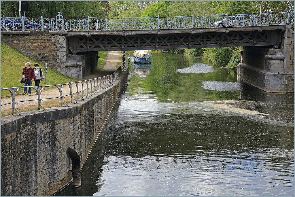 Il s'agissait de canaliser l'Ourthe. Arrive la révolution belge de 1830 qui stoppa le projet. Les Belges reprirent le projet en créant un canal plus ou moins parallèle à l'Ourthe. On peut découvrir d'anciens tronçons de ce canal entre la Meuse et Chênée, du côté de Streupas, en dessous du château de Colonster, le long du ravel de l'Ourthe, du côté d'Esneux, un peu loin que Poulseur. Nous empruntons la passerelle du viaduc ferroviaire du Val Benoit pour nous diriger vers le haut de Cointe en part le nouveau pont au dessus du chemin de fer et de la route se dirigeant vers Sclessin. Par un sentier méconnu des Liégeois, en sous bois, nous montons la Rue des Cailloux jusqu'au mémorial interallié de Cointe. La Rue des Cailloux, pour tous les randonneurs parcourant les nombreux sentiers de grande randonnée en Belgique et à l'étranger comme la France par exemple, fait référence aux Frères Cailloux, fondateurs du réseau belge en 1959.
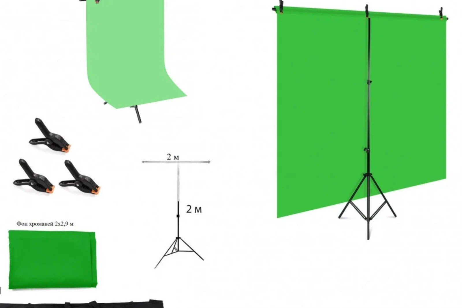 Фон изготовлен из специальной ткани зеленого цвета. Может использоваться для создания видео, которое предполагается корректировать в видеоредакторе. Фон позволяет создавать на видео нужный эффект и применяется в качестве хромакейного цвета, требующего минимум временных затрат при замене фона или его обработке. Стойка с подставкой для фона выполнен из алюминиевого сплава, который прочный и лёгкий при переноске. Фотофон можно использовать для выездных съёмок, выставок, фотосессиий, мероприятий за счет лёгкой конструкции и удобной сумки для переноски. Высота держателя для фона регулируется в диапазоне 67-200 см. Размер фона Хромакей: 2х2 метра
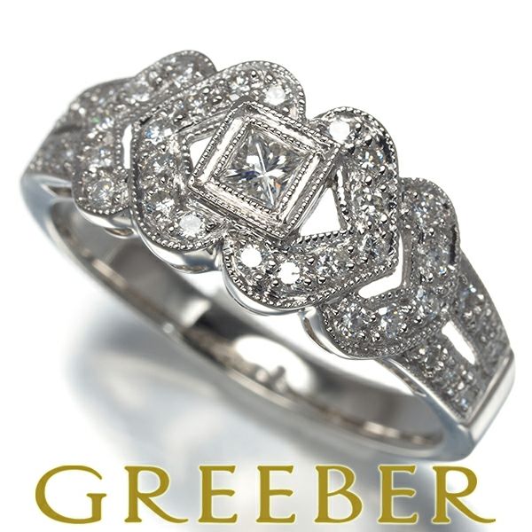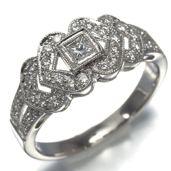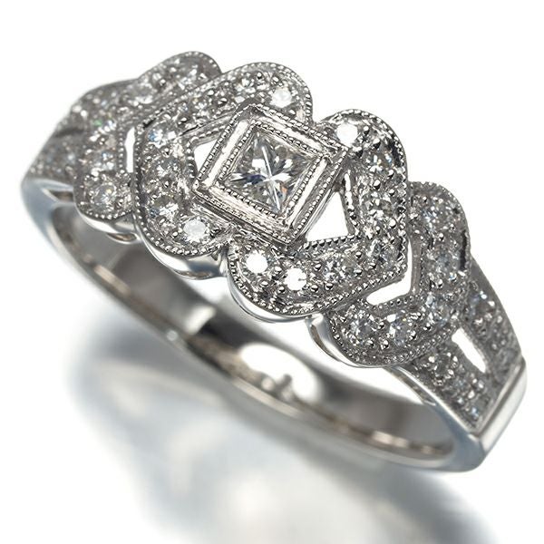 繊細なミルグレイン細工の優雅なデザインをあしらったダイヤモンドリング。メインにはプリンセス、取り巻きにはラウンドをあしらった瑞々しく繊細な輝きがデザインを一層引き立てております。
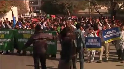 Las movilizaciones en Karachi apenas congregaron a unos centenares de personas -la gran ciudad portuaria y comercial del sur de Pakistán, donde viven 23,5 millones de almas- y a unos miles en la capital argelina. Apenas dos centenares de personas, según Reuters, se congregaron ante el Consulado de Francia en la ciudad paquistaní. Armados con palos, y según un periodista de Reuters algunos también con pistolas, los congregados respondieron con piedras y disparos cuando la policía impidió su aproximación al Consulado francés utilizando gases lacrimógenos y cañones de agua.
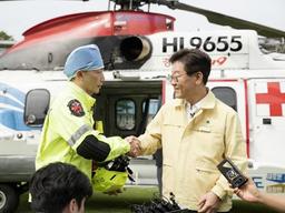 원장" 도청 간부 등 "의료계 기득권층 개혁 검찰개혁만큼 어려워" 지난해 8월 29일 오후 경기도청 잔디광장에서 열린 ‘응급의료전용헬기 종합시뮬레이션 훈련’에서 이재명 경기도지사가 이국종 아주대학교병원
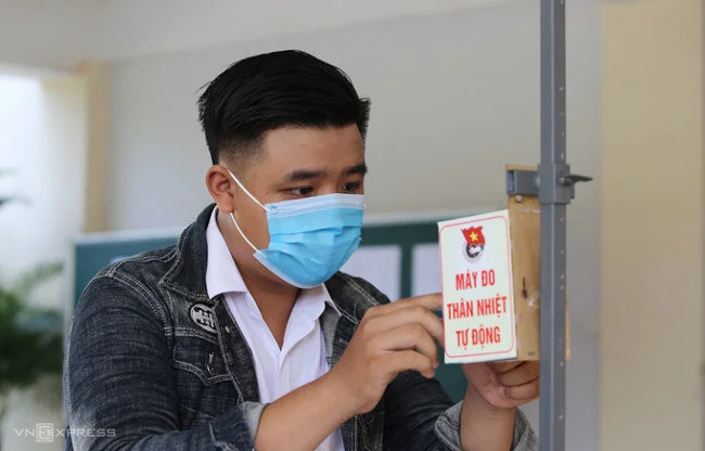Cổng trường được bố trí 10 máy sát khuẩn tự động, thí sinh chỉ việc đưa tay vào thì nước sát khuẩn chảy ra, sau đó tiến đến hai máy đo thân nhiệt tự động. Lần lượt thí sinh cho phần trán áp sát máy, sau hai giây thì nhận được kết quả.
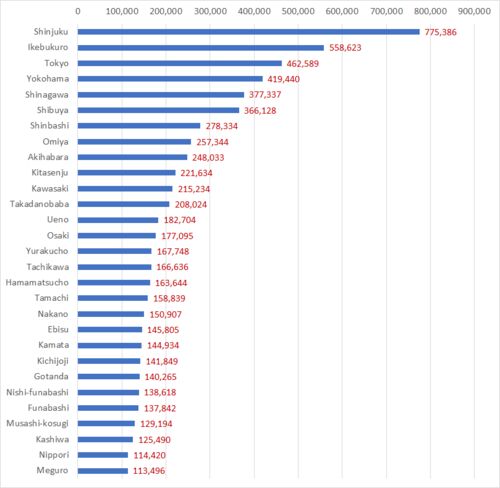JR East, the biggest railway company in Japan, releases the number of their passengers (get-on passengers) a day by station every year. The data below show the ranking in the Greater Tokyo area. The number does not include other railway's …
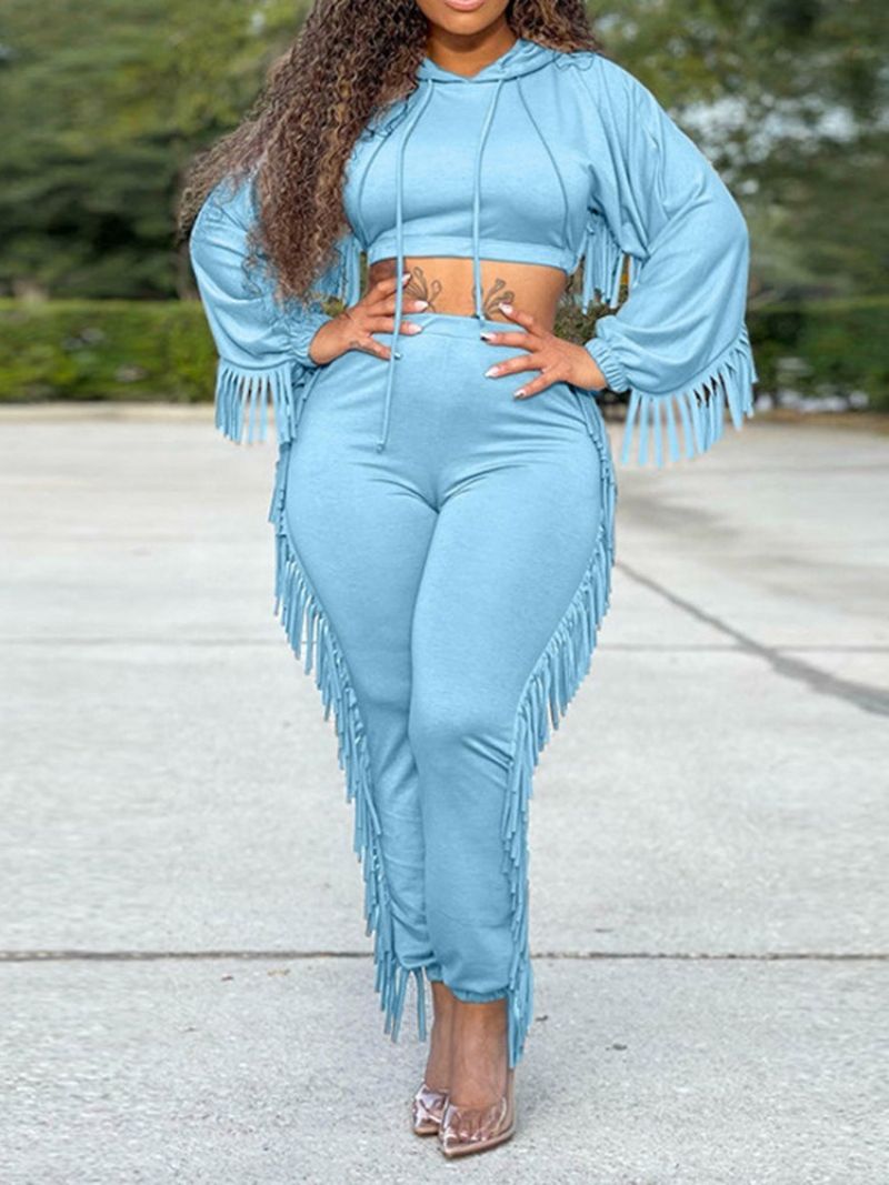 Fashion Hoodie Tassel Pencil Παντελόνι Με Κουκούλα Σετ Δύο Τεμαχίων

=-=-=

▸ **Your goal**:
The required output is the exact lines from the opening line of the entries through the line with "繊細なミルグレイン細工の優雅", inclusive, without pictures.

▸ **Result**:
 Il s'agissait de canaliser l'Ourthe. Arrive la révolution belge de 1830 qui stoppa le projet. Les Belges reprirent le projet en créant un canal plus ou moins parallèle à l'Ourthe. On peut découvrir d'anciens tronçons de ce canal entre la Meuse et Chênée, du côté de Streupas, en dessous du château de Colonster, le long du ravel de l'Ourthe, du côté d'Esneux, un peu loin que Poulseur. Nous empruntons la passerelle du viaduc ferroviaire du Val Benoit pour nous diriger vers le haut de Cointe en part le nouveau pont au dessus du chemin de fer et de la route se dirigeant vers Sclessin. Par un sentier méconnu des Liégeois, en sous bois, nous montons la Rue des Cailloux jusqu'au mémorial interallié de Cointe. La Rue des Cailloux, pour tous les randonneurs parcourant les nombreux sentiers de grande randonnée en Belgique et à l'étranger comme la France par exemple, fait référence aux Frères Cailloux, fondateurs du réseau belge en 1959.
 Фон изготовлен из специальной ткани зеленого цвета. Может использоваться для создания видео, которое предполагается корректировать в видеоредакторе. Фон позволяет создавать на видео нужный эффект и применяется в качестве хромакейного цвета, требующего минимум временных затрат при замене фона или его обработке. Стойка с подставкой для фона выполнен из алюминиевого сплава, который прочный и лёгкий при переноске. Фотофон можно использовать для выездных съёмок, выставок, фотосессиий, мероприятий за счет лёгкой конструкции и удобной сумки для переноски. Высота держателя для фона регулируется в диапазоне 67-200 см. Размер фона Хромакей: 2х2 метра
 繊細なミルグレイン細工の優雅なデザインをあしらったダイヤモンドリング。メインにはプリンセス、取り巻きにはラウンドをあしらった瑞々しく繊細な輝きがデザインを一層引き立てております。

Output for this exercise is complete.